一种音频信号处理方法、装置、设备和存储介质。该方法包括:使用麦克风阵列的多个集音设备接收音频信号,确定音频信号中是否包括目标音频信号(S410);如果音频信号中包括目标音频信号,确定音频信号对应的多个集音设备的相关性(S420);利用音频信号对应的多个集音设备的相关性,对音频信号进行音频增强处理,得到音频增强的音频信号(S430)。该方法可以实现在多干扰源的嘈杂环境下实现自适应的音频增强,提高音频信号的信噪比。

Description

音频信号处理方法、装置、设备和存储介质
本申请要求2018年07月30日递交的申请号为201810882538.8、发明名称为“音频信号处理方法、装置、设备和存储介质”的中国专利申请的优先权,其全部内容通过引用结合在本申请中。
技术领域
本发明涉及数据处理技术领域,尤其涉及一种音频信号处理方法、装置、设备和存储介质。
背景技术
随着音频识别技术的不断发展,音频识别技术在汽车驾驶、智能家居、智能商务系统等领域得到了快速的发展,音频识别技术可以通过对音频的识别,快速、准确地执行相应的功能。
为了确保多干扰源的嘈杂环境中音频识别系统的可用性,现有的音频识别技术可以通过检测多个干扰源的具体信息,从而对检测到的干扰源发出的干扰信号进行信号分离,得到目标音频信号。但是在强干扰环境中,干扰源复杂多变,这种信号处理方法采集到的音频信号质量较差,音频识别信噪比低,实用性不高。
发明内容
本发明实施例提供一种音频信号处理方法、装置、设备和存储介质,可以实现在多干扰源的嘈杂环境下实现自适应的音频增强,提高音频信号的信噪比。
根据本发明实施例的一方面,提供一种音频信号处理方法,包括:
使用麦克风阵列的多个集音设备接收音频信号,确定音频信号中是否包括目标音频信号;如果音频信号中包括目标音频信号,确定音频信号对应的多个集音设备的相关性;利用音频信号对应的多个集音设备的相关性,对音频信号进行音频增强处理,得到音频增强的音频信号。
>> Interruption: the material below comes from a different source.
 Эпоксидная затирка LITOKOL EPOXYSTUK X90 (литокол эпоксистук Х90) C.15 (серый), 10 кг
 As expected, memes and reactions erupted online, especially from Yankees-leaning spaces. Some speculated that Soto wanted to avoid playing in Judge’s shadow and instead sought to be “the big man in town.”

根据本发明实施例的另一方面,提供一种音频信号处理装置,包括:
音频信号检测模块,用于使用麦克风阵列的多个集音设备接收音频信号,确定音频信号中是否包括目标音频信号;相关性确定模块,用于如果音频信号中包括目标音频信号,确定音频信号对应的多个集音设备的相关性;音频信号增强模块,用于利用音频信 号对应的多个集音设备的相关性,对音频信号进行音频增强处理,得到音频增强的音频信号。
根据本发明实施例的再一方面,提供一种音频信号处理设备,包括:存储器和处理器;该存储器用于存储程序;该处理器用于读取存储器中存储的可执行程序代码以执行上述的音频信号处理方法。
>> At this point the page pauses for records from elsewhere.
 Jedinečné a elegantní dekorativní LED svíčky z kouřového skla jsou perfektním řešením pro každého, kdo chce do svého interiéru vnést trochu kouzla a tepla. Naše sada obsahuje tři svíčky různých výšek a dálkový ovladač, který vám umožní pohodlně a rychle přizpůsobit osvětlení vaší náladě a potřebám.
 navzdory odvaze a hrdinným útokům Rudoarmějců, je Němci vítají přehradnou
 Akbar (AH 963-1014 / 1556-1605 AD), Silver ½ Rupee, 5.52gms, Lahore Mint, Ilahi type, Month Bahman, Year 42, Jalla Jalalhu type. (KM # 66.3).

根据本发明实施例的又一方面,提供了一种计算机可读存储介质,该计算机可读存储介质中存储有指令,当指令在计算机上运行时,使得计算机执行上述各方面的音频信号处理方法。
根据本发明实施例的还一方面,提供了一种音频交互设备,包括:
音频信号检测器,用于使用麦克风阵列的多个集音设备接收音频信号,确定音频信号中是否包括目标音频信号;目标音频分离器,用于如果音频信号中包括目标音频信号,确定音频信号对应的多个集音设备的相关性;目标音频增强器,用于利用音频信号对应的多个集音设备的相关性,对音频信号进行音频增强处理,得到音频增强的音频信号。
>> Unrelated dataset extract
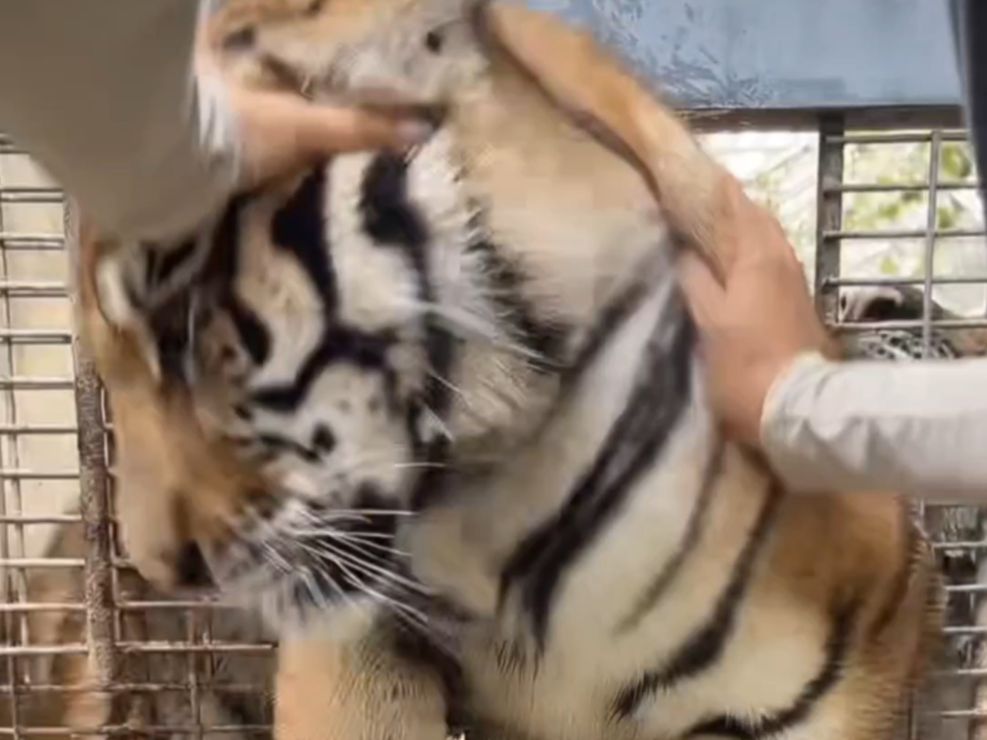 النمر الأبيض أحب الشعور الذي يشعر به تحت الأسد، دافئ ورقيق، هذا هو المذاق الحقيقي!

根据本发明实施例中的音频信号处理方法、装置、设备和存储介质,可以在多干扰源的嘈杂环境下检测音频信号中是否存在目标音频信号,并根据检测结果确定音频信号对应的多个集音设备的相关性,并利用音频信号对应的集音设备之间的相关性,对音频信号进行音频增强处理,得到增强的音频信号,整个音频信号处理过程不需要检测多个干扰源的具体信息,即音频信号的音频增强过程与具体的干扰源无关,因此可以适应复杂多变的干扰环境,具有更强的实用性。
附图说明
为了更清楚地说明本发明实施例的技术方案,下面将对本发明实施例中所需要使用的附图作简单地介绍,对于本领域普通技术人员来讲,在不付出创造性劳动的前提下,还可以根据这些附图获得其他的附图。
图1是示出根据本发明示例性实施例的音频信号处理方法的应用场景示意图;
图2是示出根据本发明实施例的麦克风阵列对目标区域进行声源定位的场景示意图;
图3是示出根据本发明一实施例的音频信号处理方法的流程图;
图4是示出根据本发明另一实施例的音频信号处理方法的流程图;
图5根据本发明一实施例的音频信号处理装置的结构示意图;
图6是示出了可以实现根据本发明实施例的音频信号处理方法和装置的计算设备的示例性硬件架构的结构图;
图7示出了根据本发明实施例的音频交互设备的结构示意图。
具体实施方式
下面将详细描述本发明的各个方面的特征和示例性实施例,为了使本发明的目的、技术方案及优点更加清楚明白,以下结合附图及实施例,对本发明进行进一步详细描述。应理解,此处所描述的具体实施例仅被配置为解释本发明,并不被配置为限定本发明。对于本领域技术人员来说,本发明可以在不需要这些具体细节中的一些细节的情况下实施。下面对实施例的描述仅仅是为了通过示出本发明的示例来提供对本发明更好的理解。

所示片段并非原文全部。